## Work order
Although the data holds pictures, return only the lines from the one containing "NL27WZ14. PACKAGE DIMENSIONS." to the end, exactly, and without them.

Items from a dataset:
========================================================================
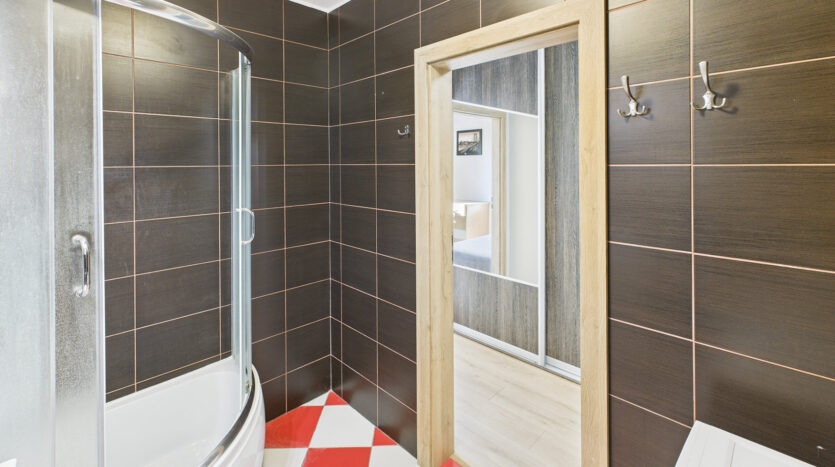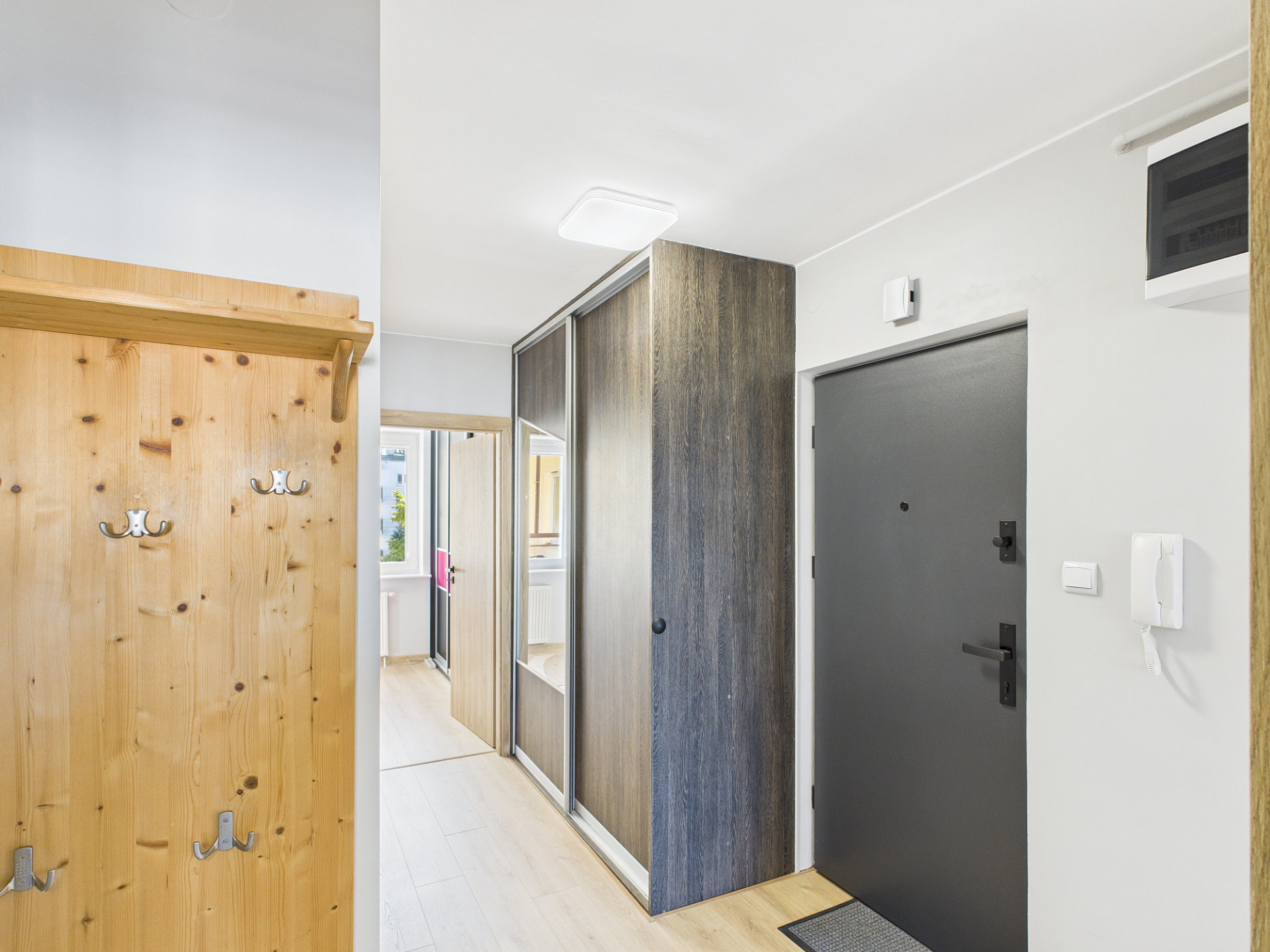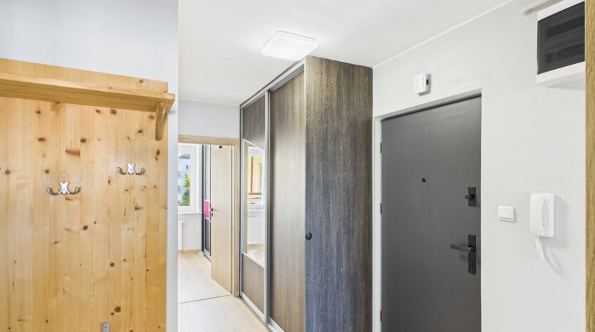Wchodząc do mieszkania, witasz się z przestronnym przedpokojem (ok. 6,6 m²), w którym znajduje się duża, przesuwna szafa w zabudowie – idealna na ubrania, buty i wszystkie niezbędne rzeczy, które chcesz mieć pod ręką, ale schowane.
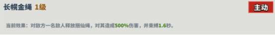 描述:对敌方一名敌人释放捆仙绳,对其造成500%伤害,并束缚1.6秒。
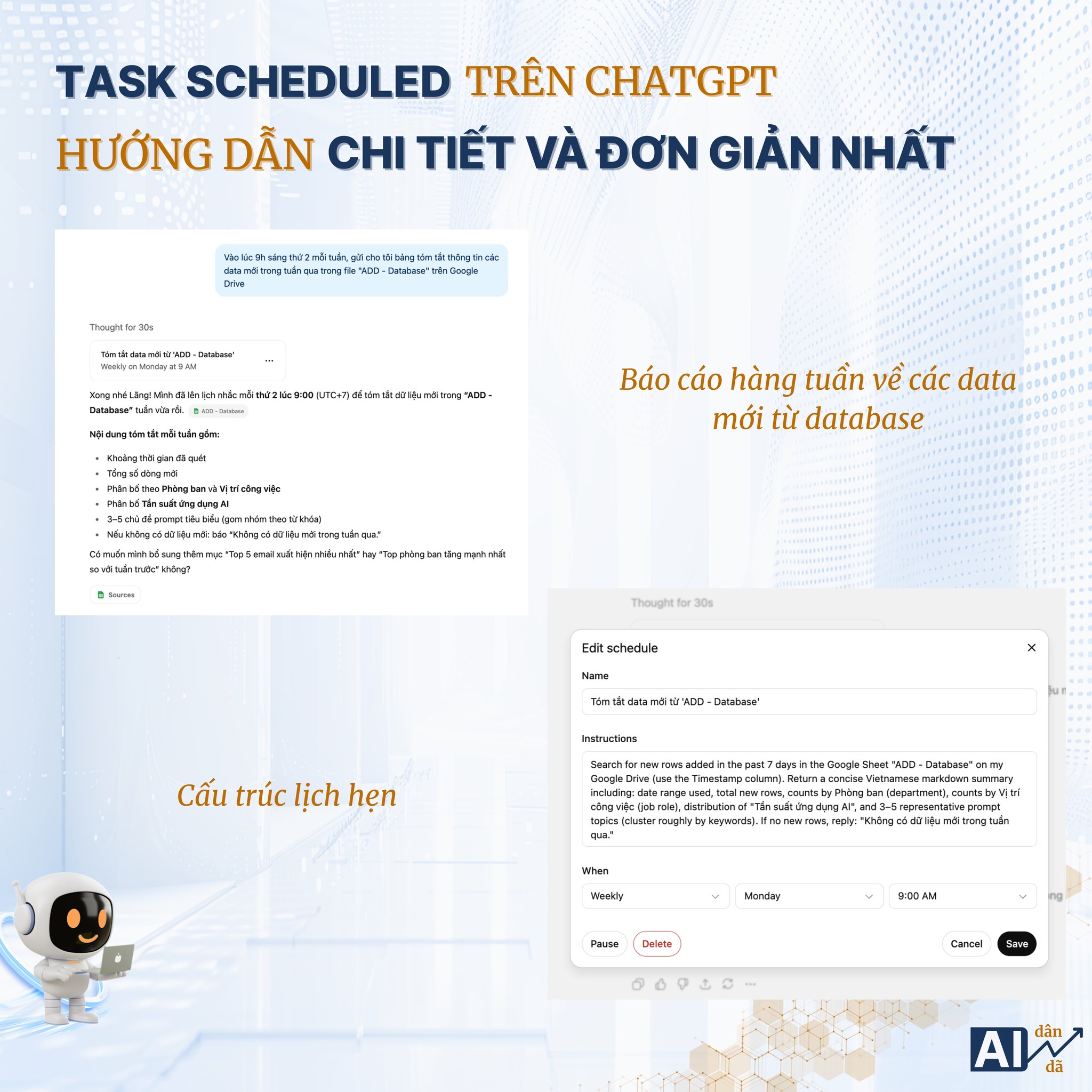 Cú pháp ra lệnh bạn có thể copy và dùng: “Vào lúc <thời gian> giờ Việt Nam, <chu kỳ lặp lại>, hãy <mô tả nhiệm vụ cần làm>. Kết quả trả về sẽ <mô tả yêu cầu đầu ra>”
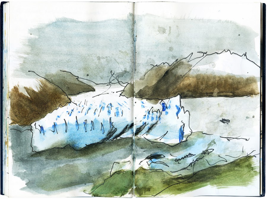 Para ir ao Perito Moreno, o glaciar móvel maior do mundo e ao qual vale a pena uma visita, tem que se apanhar uma camioneta na cidade mais próxima, El Calafate. Consegui um lugar ao lado do condutor o que me permitiu ir fazendo estes desenhos.
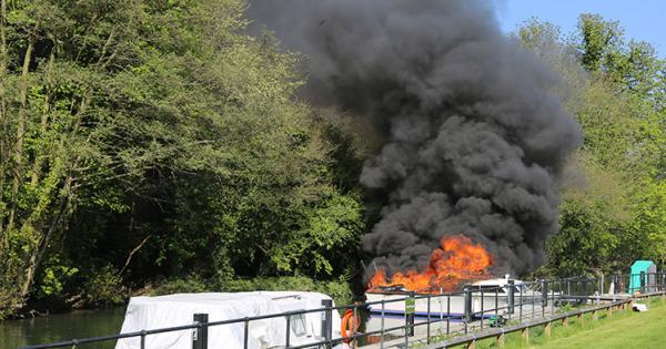 Firefighters from Maidenhead and Oxfordshire were joined by Royal Berkshire Fire and Rescue Service’s water rescue unit, but the boat had been ‘completely destroyed’ by the time they were able to put the fire out.
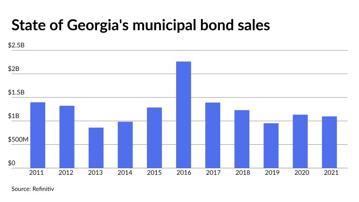 Since 2011, Georgia has sold almost $14 billion of bonds, with the most issuance occurring in 2016 when it sold $2.3 billion. It sold the least amount in 2013 when it issued $857.7 million.
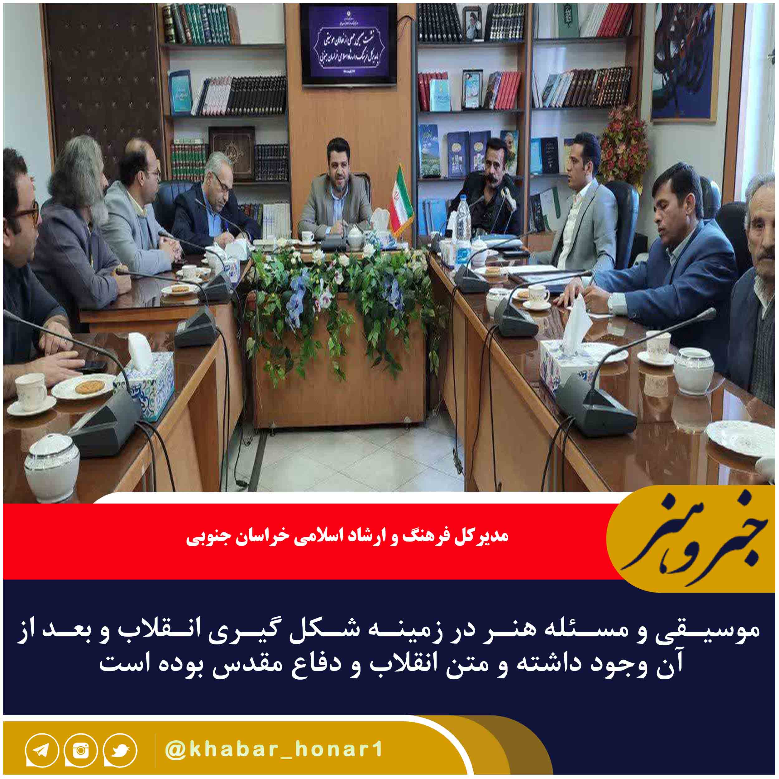 مدیرکل فرهنگ و ارشاد اسلامی خراسان جنوبی در نشست صمیمی با جمعی از فعالان موسیقی استان گفت: در مجموعه فرهنگ و ارشاد اسلامی از هنر و موسیقی فاخر مبتنی بر زیست بوم فرهنگی حمایت می کنیم.
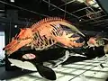 Since December 2015, three orcas, Stella, Lynn and Earth are being kept at the aquarium. All killer whales kept in Japan have been made up of relatives since the death of Nami in January 2011, and only Stella and her grandchildren since the death of Bingo in August 2014. Bingo is the largest killer whale in Japan that has ever been kept in captivity with a total length of over 6.5 m (21 ft). Earth is 5.5 m (18 ft) long and weighs 2,400 kg (5,300 lb) as of 2020, making him the largest living killer whale in Japan in captivity.[15]
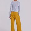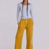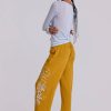 The cropped, cut off yellow joggers are crafted from a loopback fabric, with an elasticated draw cord waistband. They feature a printed slogan down left leg.
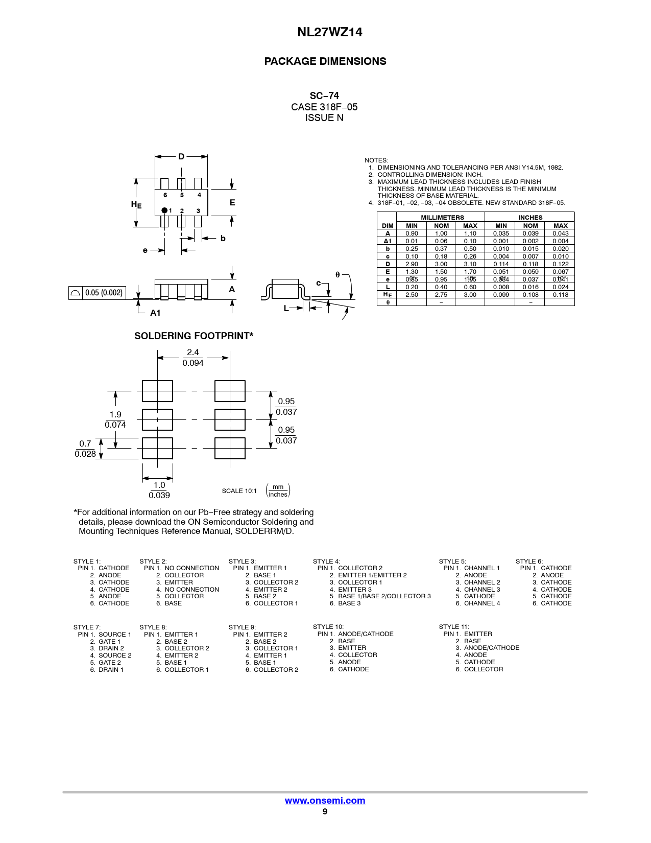 NL27WZ14. PACKAGE DIMENSIONS. SC−74. MILLIMETERS. INCHES. DIM. MIN. NOM. MAX. SOLDERING FOOTPRINT*. www.onsemi.com
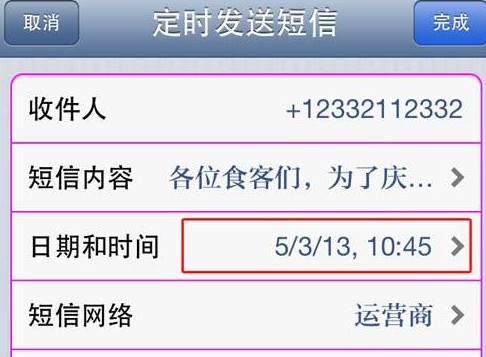 3、設定發送時間後點擊“完成”
========================================================================
## Task result
 NL27WZ14. PACKAGE DIMENSIONS. SC−74. MILLIMETERS. INCHES. DIM. MIN. NOM. MAX. SOLDERING FOOTPRINT*. www.onsemi.com
 3、設定發送時間後點擊“完成”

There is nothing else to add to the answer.